Johnston reaches some considerable heights here. He once again gives us vivid characters that we are unlikely soon to forget. One finishes the book wondering what happened next to them all. (This, incidentally, is one of the things I always look for in fiction.) There are different kinds of worlds drawn sharply, and the reader can imagine inhabiting any number of them. Other reviews quibble with this or with that, but my only hesitation is with a conclusion that seems hurried. It is as if, in creating tension, Johnston mistakes this with heightened pace. His recent books, so long, so engrossing, so leisurely, in a sense, provide him with the time to develop a tension that seems, to me, tacked on here. I cannot imagine that Landish’s next world warrants its own story, but rather than ending this one Johnston seems to have been building towards an epilogue imagined and not realized.
Posted on August 28, 2011 at 09:12 AM in Books | Permalink | Comments (0)
A few weeks ago, I saw one of my retired colleagues in the local bookstore.
“Do you know what I miss about the university? The only thing?” he asked me. “I miss reading poetry aloud to people.”
I had to admit that the ability to speak in rhyme in front of people is a unique feature of professing literature. There are not too many other jobs in which this is permitted, let alone encouraged.
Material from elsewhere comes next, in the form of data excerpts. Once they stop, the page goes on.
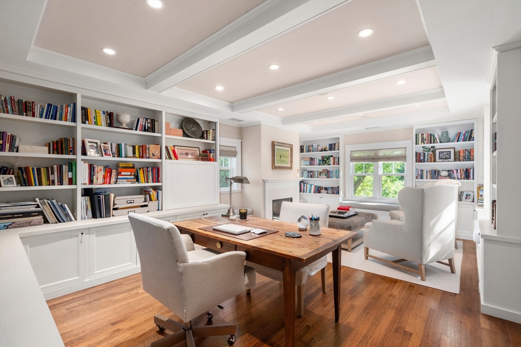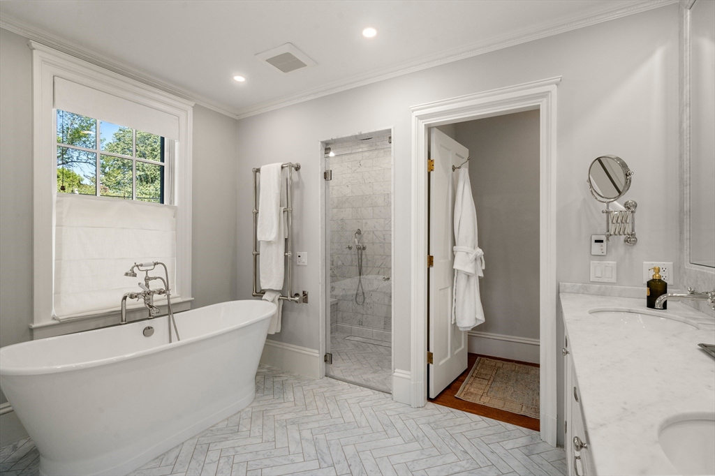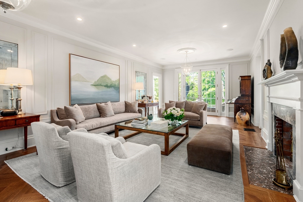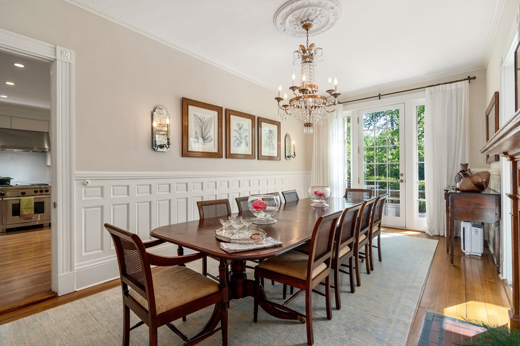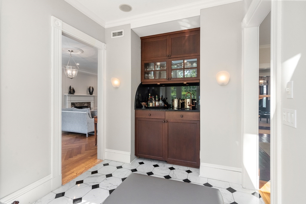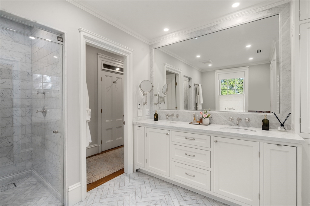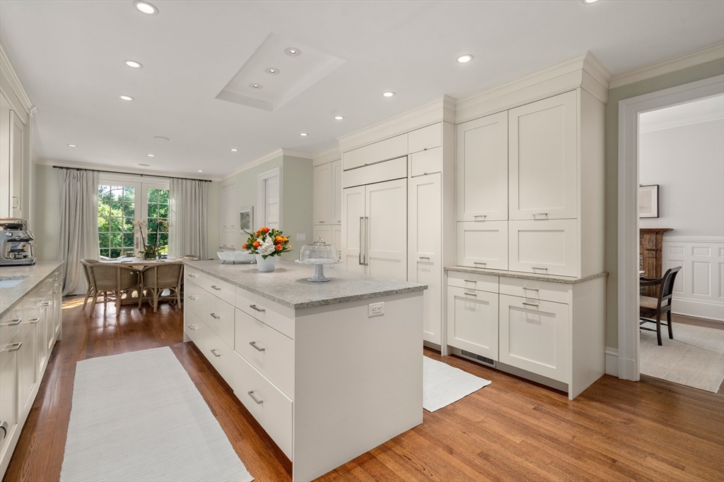 Thoughtfully renovated with the utmost attention to preservation & luxury living, this breathtaking property offers expansive space surrounded by park-like grounds. Designed for grand-scale entertaining, the first floor offers soaring ceilings with sound throughout, fireplaces, custom millwork, bay windows, herringbone floors, a bar, and flow to the bluestone patio that runs the length of the house. A true chef's kitchen showcases SubZero & Wolf appliances, leathered granite countertops, matte glass backsplash, and appliance garages. Upstairs, there is a lux 21' primary suite with a spa-like marble bath, 2 additional suites, and a fully-outfitted office/family room. The top floor guest quarters offers a kitchen, living room, and 2 suites. Deluxe wine cellar on lower level. Professionally landscaped multi-level gardens leading down to a peaceful stream. Under a mile to Newton Country Day, Bigelow, and Underwood. Within 15 minutes of Shady Hill School, BB&N, Boston, and The Shops.
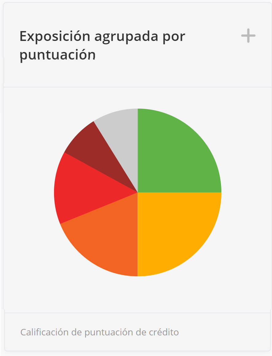 Este widget muestra la "exposición" de un usuario hacia empresas con una calificación baja. El widget recopila todas las facturas y las agrupa según la calificación del cliente. Cuenta las facturas de trabajos y agrupa este valor según la calificación del cliente.
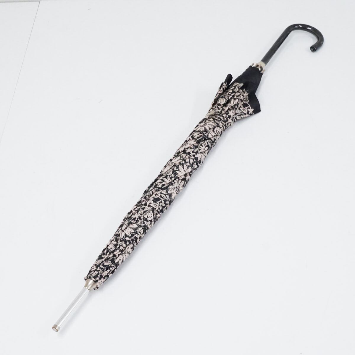 NINA RICCI ニナリッチ 傘 USED美品 フラワープリント 花 グラスファイバーフレーム ブラック 60cm A3225
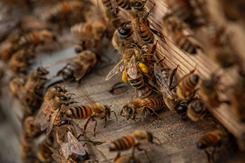 翌朝、約束の時間前に干場さんの花園を撮影していると、干場さんもカメラを持って現れた。干場さんも蜜蜂の写真を撮ることに熱心なようで、カメラの機種や機能の知識は私より豊富のようだ。お互いに足下の小さな花やダイコン、クリムソンクローバーの花蜜を採りに来ている蜜蜂を撮影していると、干場さんが独り言のように教えてくれた。
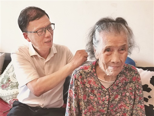 简单交流后,60岁的满崽坐下来给100岁的老娘揉肩、捶背。每天给母亲按摩,是伍建中的“必修课”,一按便是40多年。
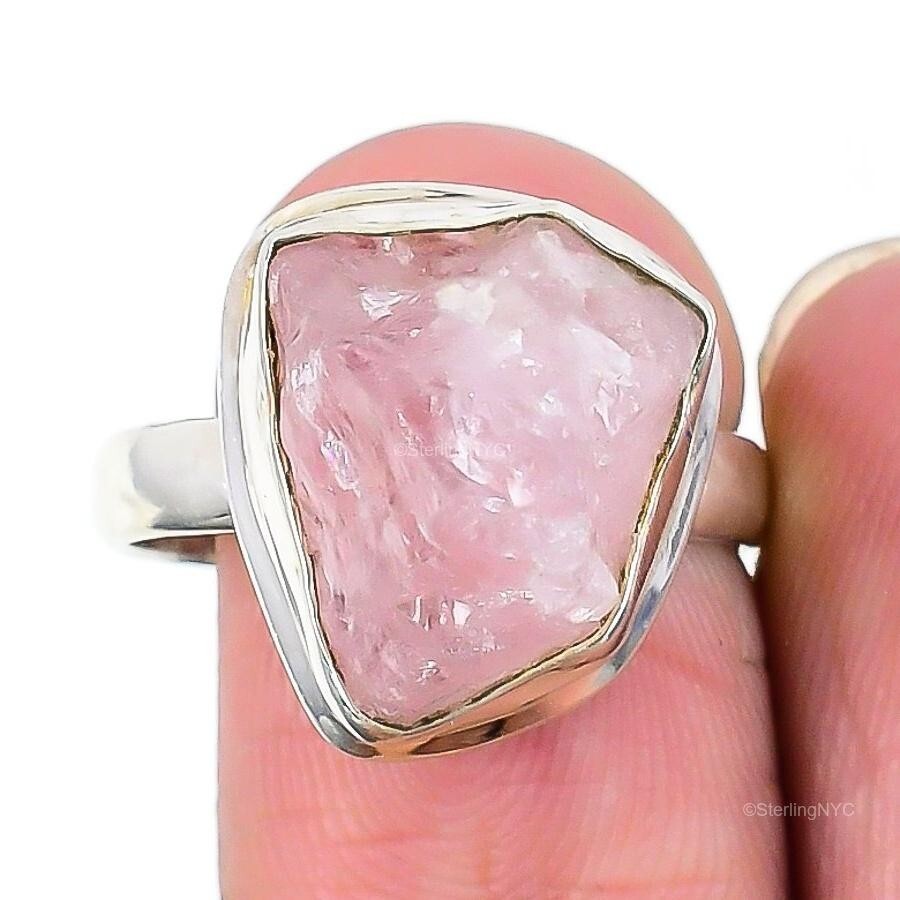 Natural Rose Quartz Gemstone Statement Ring Size 9 925 Sterling Silver For Women
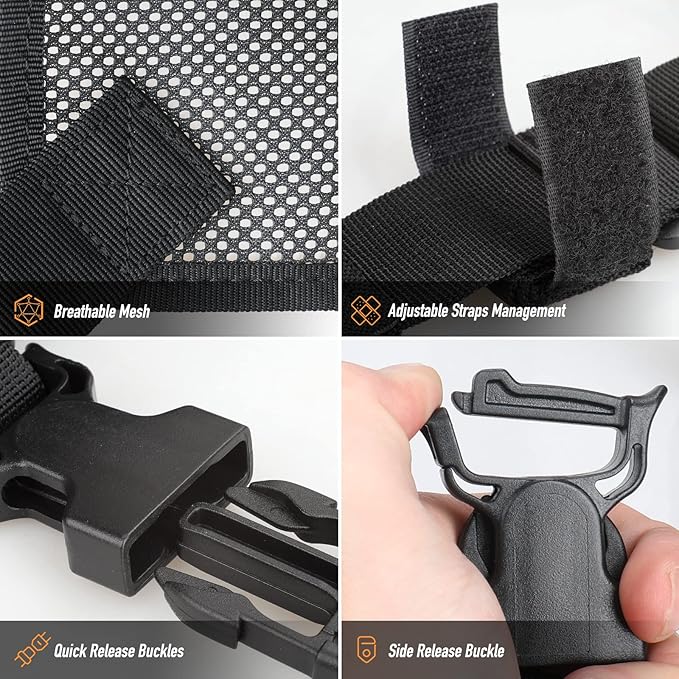 - DURABLE MATERIAL: Tactical harness made from strong nylon webbing. Mesh pad on the back offers extra support, make you back comfortable for carrying a heavy load of gear in your pouch.

I do not suggest that you try it, say, on a sales call.
The importance of hearing poetry was reinforced for me, once more, as I explored my New Yorker iPad app. Recently, I wrote in this space about how canny is Conde Nast by including a digital subscription as part of its packages. Simultaneous subscriptions will help wean me off paper where weaning is absolutely necessary.
But, as many of you will know, the digital New Yorker includes some very interesting additional content, including audio files of contemporary poets reading their poems. As I read and played the poems, listening or following along, I enjoyed the poems more and, I feel, got more from them. After all, as my retired colleague would attest, hearing a poem is how the work should be encountered. This takes us back to the roots of the oral tradition in literature.
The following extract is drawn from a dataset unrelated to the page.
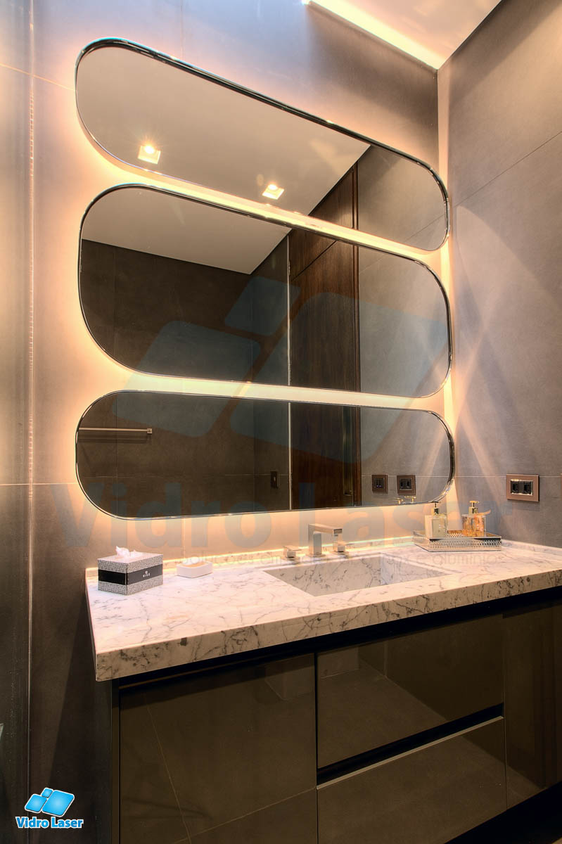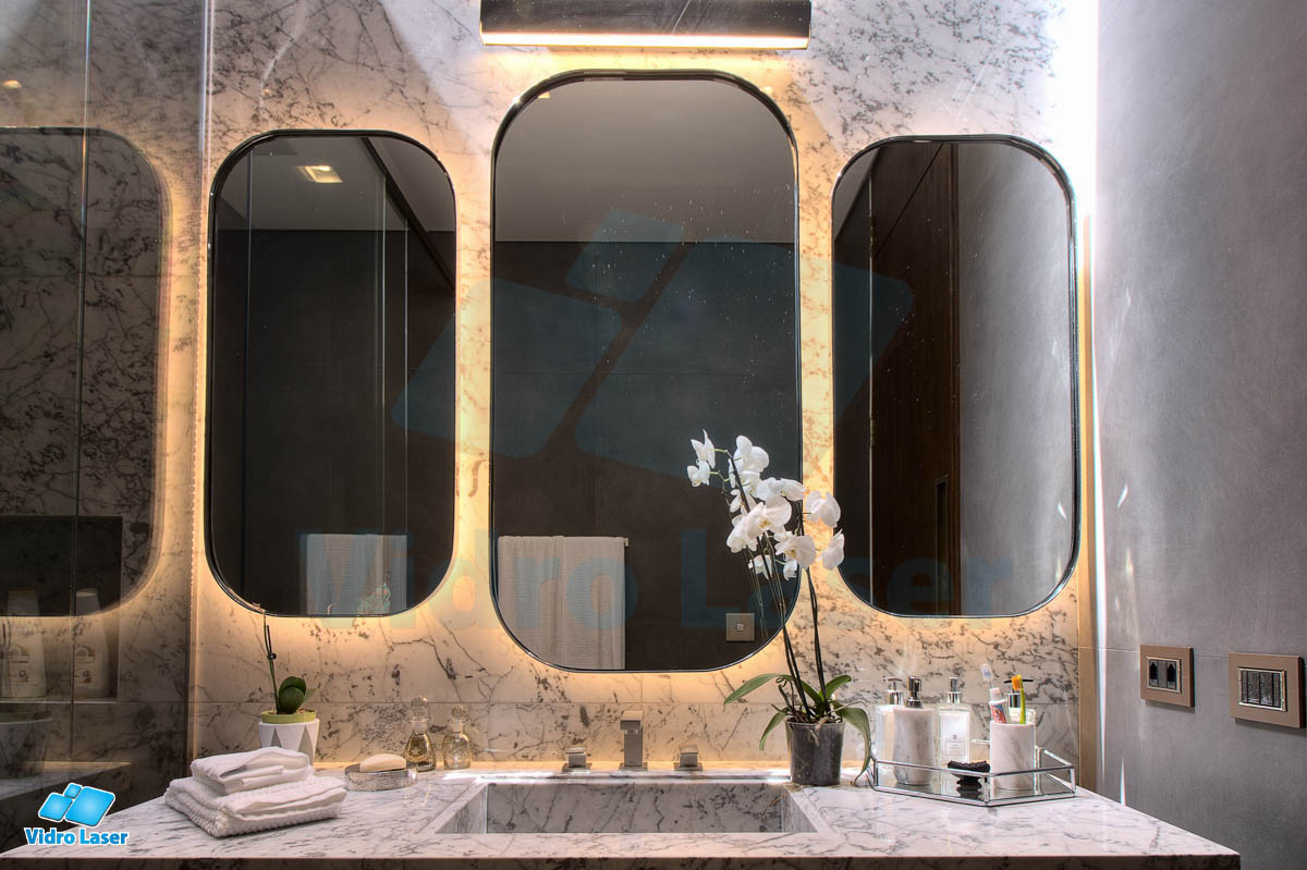 Espelhos com moldura em Aço Inox, Latão, Cobre e Outros Metais.

Again, I have described my approach to technology as “conservative,” in the sense that ideally it should help us recapture something that we have, for various reasons, lost along the way. I have no interest in having things read to me so that I can put less effort into concentrating on them – like those condensed books-on-tape marketed to executives who are, supposedly, too busy to read but must have content to drop into polite conversation. But I acknowledge fully that we have lost the ability to sit around reading poetry to each other – outside the classroom, at least – and so I take some solace in my digital subscription as I hear, in delicious accent, how things are meant to be spoken.
Posted on August 02, 2011 at 03:47 PM in Books, Zeitgeist | Permalink | Comments (0)
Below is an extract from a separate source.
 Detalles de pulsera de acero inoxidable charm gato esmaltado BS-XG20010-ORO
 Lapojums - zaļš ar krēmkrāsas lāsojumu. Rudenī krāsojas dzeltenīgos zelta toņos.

I was in Halifax recently, very briefly, to attend to some sad family business, but I was able to take an afternoon to explore the downtown, a place that reminds me so vividly of life’s successes and life’s failures, a place that, itself, is struggling to reinvent itself one more time.
Its business plan, as far as I can tell, is designed to sell coffee to tourists. The results are mixed. The area around Pier 21, once a concrete wasteland that would have been threatening if encountered in any other city in North America, is now bustling and pleasant, at least when a tour ship is in. On Barrington Street, many places are shuttered, and even the ghost of Sam the Record Man has been banished through a partial renovation of a whole city block that has left untouched only the facade of that once-great location.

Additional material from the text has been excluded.